Results of this research indicated that there was no or only a slight decrease in cell densities of free-living and immobilized Shewanella sp. IRI-160 at 4° C. (FIG. 1), consistent with previous studies demonstrating that growth at low temperatures (˜4° C.) is a hallmark of the Shewanella genus. Its survival at low temperatures may be related to changes in morphology as well as the production of alternative proteins and lipids. Additionally, there was a dramatic and significant decrease in cell densities of free-living Shewanella sp. IRI-160 at 25° C. (FIG. 1E), while the density of immobilized bacteria did not decrease significantly at the same temperature in any matrices tested (FIG. 1A-D), suggesting immobilization to matrices may provide advantages to these bacteria and protect them from environmental conditions where their free-living counterparts may not survive. Warmer temperatures are favorable for dinoflagellate blooms; and have been associated with their higher annual growth rate and longer duration of bloom seasons. The decrease of cell densities of free-living Shewanella sp. IRI-160 at 25° C. may limit its ability to control the growth of dinoflagellates in the environment, while immobilization to matrices may contribute to its long-lasting performance in the field.

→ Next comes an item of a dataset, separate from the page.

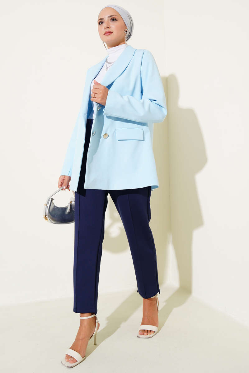 Tek Düğmeli Kemerli Sakallı Ceket Mor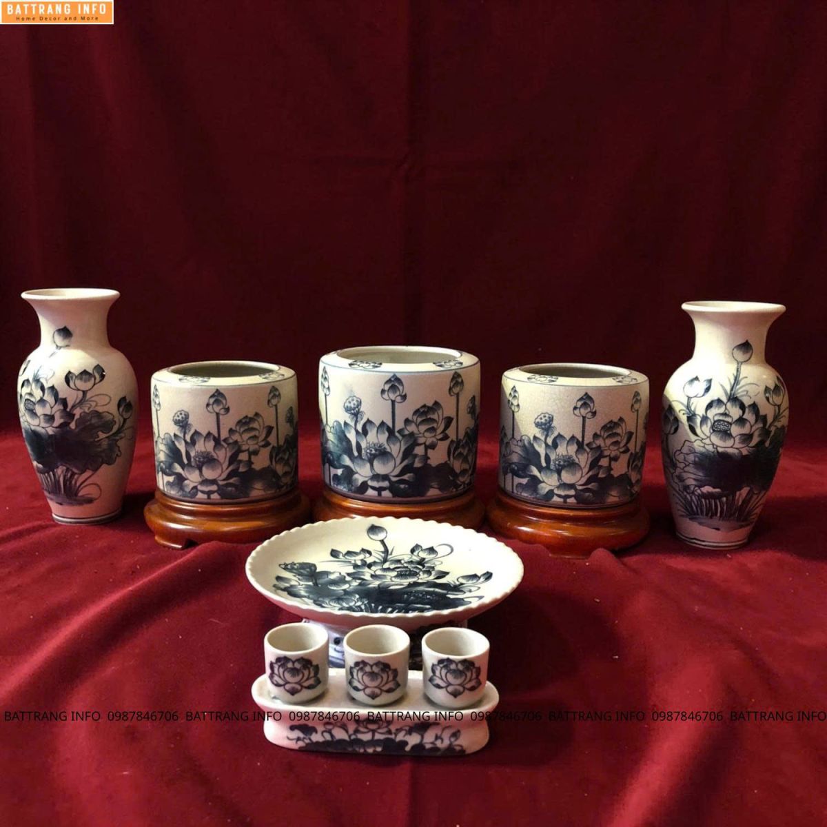 Bộ Đồ Thờ Men Rạn Vẽ Tay Họa Tiết Hoa Sen Cao Cấp Bát Tràng – Tinh Hoa Gốm Sứ Tâm Linh

Over the entire experiment period, the majority of Shewanella sp. IRI-160 cells were retained in each of the matrices rather than released into the surrounding medium (Table 1; FIG. 1). On the last day of the experiment, more than 80% of Shewanella sp. IRI-160 cells were embedded in each matrix, with the greatest retention (99.94%) in alginate beads. Microbes are mainly found to be associated with surfaces in nature. The attachment behaviors of bacteria may come with important benefits, including better accessibility to nutrients, as well as protection from predators and adverse environmental conditions. Studies have revealed a congregational behavior of bacteria within the genus Shewanella, that they attach to and accumulate cells surrounding insoluble iron and manganese oxides and reduce these solid-phase electron acceptors using specialized outer membrane proteins. To prepare immobilized bacteria in this study, Shewanella sp. IRI-160 was cultured in a nutrient-enriched medium and mixed with each matrix. This may have resulted in a slow release of nutrients and contributed to the matrix-bacteria association.

Alginate is a natural polymer that is characterized as low-cost, non-toxic, and highly biodegradable. In addition to its application in immobilization of other algicidal bacteria to control HABs, alginate hydrogel has been developed as edible films for food packaging, carriers for drug remote release in human bodies, and applied to neural tissue engineering. In this research, the impacts of immobilized Shewanella sp. IRI-160 on harmful dinoflagellates were investigated using bacteria embedded in alginate hydrogel beads (FIG. 2; FIG. 6; Table 2). Results of this study indicated a rapid, dose-dependent response of harmful dinoflagellates to immobilized bacteria, while no negative effects by immobilized bacteria were observed on the non-harmful control species Rhodomonas sp. (though a slight decrease of in vivo fluorescence was observed in this species treated with free-living bacteria on Day 1; FIG. 6C; Table 2). The non-negative and even slightly positive effects of immobilized Shewanella sp. IRI-160 on non-dinoflagellate species observed in this research were consistent with previous research using cell-free filtrate IRI-160AA. For instance, the cell density of Rhodomonas sp. in laboratory culture experiments and species abundance of diatom Cyclotella sp. in microcosm experiments increased when treated with algicide IRI-160AA, while this algicide was effective in controlling the growth of targeted dinoflagellates in both studies.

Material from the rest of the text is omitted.